Несчастная девочка Гликберг была очень умна. И однако — Ашхарумова боялась трансформировать это ощущение с помощью формального метода, — было немного приятно думать, что Барцев был у Гликберг всего единожды, и то два пайка назад. Она, Марья, не открыла никакого метода и не умеет говорить, как Гликберг, и все-таки Барцев не сводит с нее глаз.
В восьмом часу она вышла в кухню — подышать у открытого окна, покурить в одиночестве. На кухне, в полумраке весеннего вечера, слышались однотонные всхлипывания. Ашхарумова всмотрелась.
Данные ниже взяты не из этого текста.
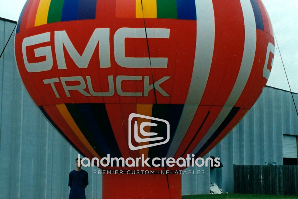 This GMC truck hot air balloon replica serves as a striking display for automotive marketing events. Designed with intricate details, it captivates audiences and reinforces brand identity.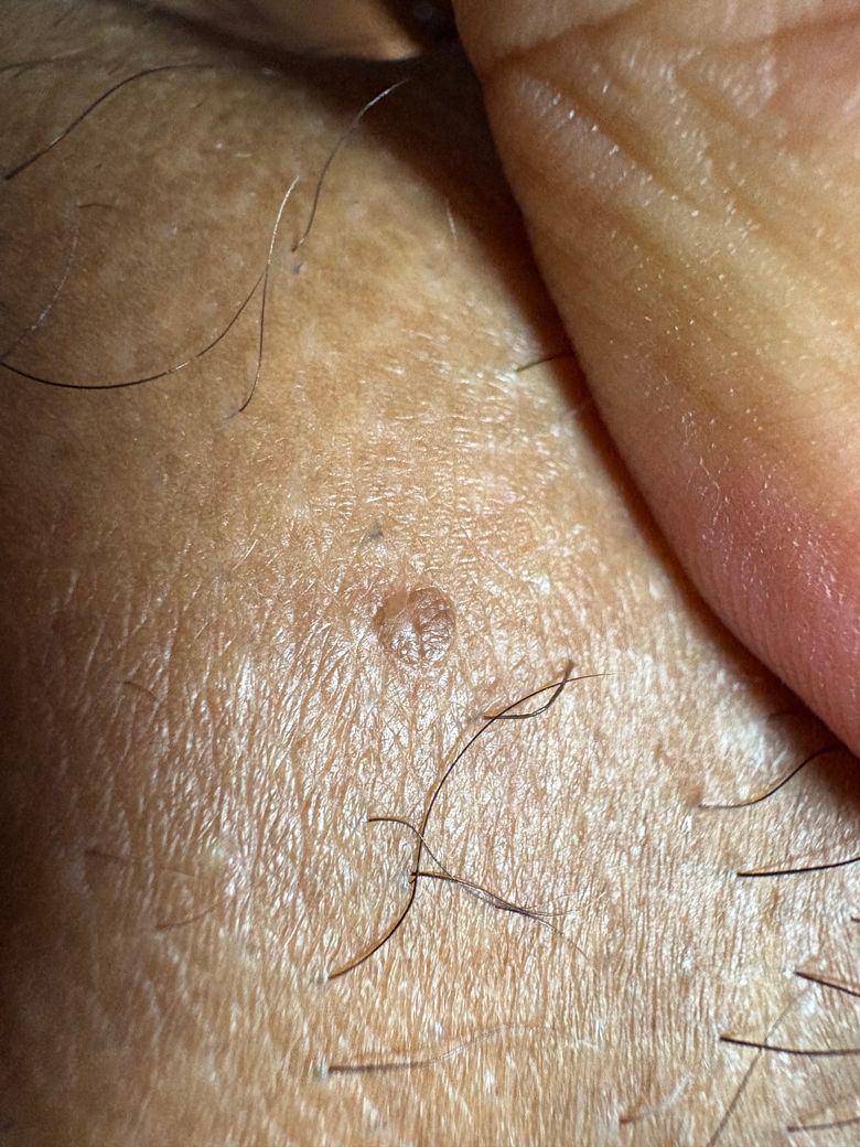 육안으로 관찰 시 곤지름보다는 모낭의 비후, 인그로운헤어 등의 가능성이 더 높을 것으로 보입니다.

В углу стоял Альтергейм и, закрыв лицо руками, плакал жалобно и как-то механически, шмыгая носом и подвывая через равные промежутки времени.
Не допуская и мысли, что ему неприятно быть обнаруженным тут, в слезах, в кухне, она кинулась к нему и принялась отнимать от лица его мокрые слабые руки, нагнувшись, как над ребенком:
— Что с вами, Альтер? Не плачьте, Бога ради! Ну, хотите, я спрячу вас на Елагином, и вы не пойдете в эту проклятую армию? Они нас пока не досматривают, и кроме того, я знаю прекрасный подземный ход! (О чем говорить, она не думала; сейчас важно было говорить.)
— Меня Котя зовут, — тоже по-детски ответил Альтер до предела истончившимся фальцетом.
— Ну вот видите, вас — Котя, меня — Маша, будем знакомы, очень приятно. Не надо только плакать. Не будем больше плакать? — Всю ее усталость как рукой сняло, она была нужна и чувствовала в себе неисчерпаемую силу. Она могла утешить всех плачущих детей мира, спрятать всех перетрусивших призывников, примирить враждующие армии и в простых словах, а может, и вовсе без слов объяснить им бессмысленность всякой войны. — Сами посудите, зачем вам на войну? Вы молодой, красивый, у вас будет еще миллион случаев применить вашу теорию!
— Меня не любит никто, — сказал успокоившийся Альтер. Он говорил теперь ровно, тонко, бумажно. — Я противен всем. Я онанизмом занимаюсь.
Сказавши это, он взглянул на Ашхарумову с некоторым лукавством — или ей померещилось в сумраке? Что ответить на такое ошеломляющее признание, она не придумала. В принципе новая культура не признавала табу, и Ашхарумову трудно было смутить — особенно после того, как сама она в шестнадцать лет пришла к Доронину, твердо решившись потерять с ним невинность, а он был с нею груб, как извозчик, и на следующее свидание отвел в меблирашки, сказав на прощание, что на профурсетках не женятся; в теле не было ничего, чего стоило бы стыдиться, и в некоторых вещах не признаются только потому, что они предназначены для разговора с единственным.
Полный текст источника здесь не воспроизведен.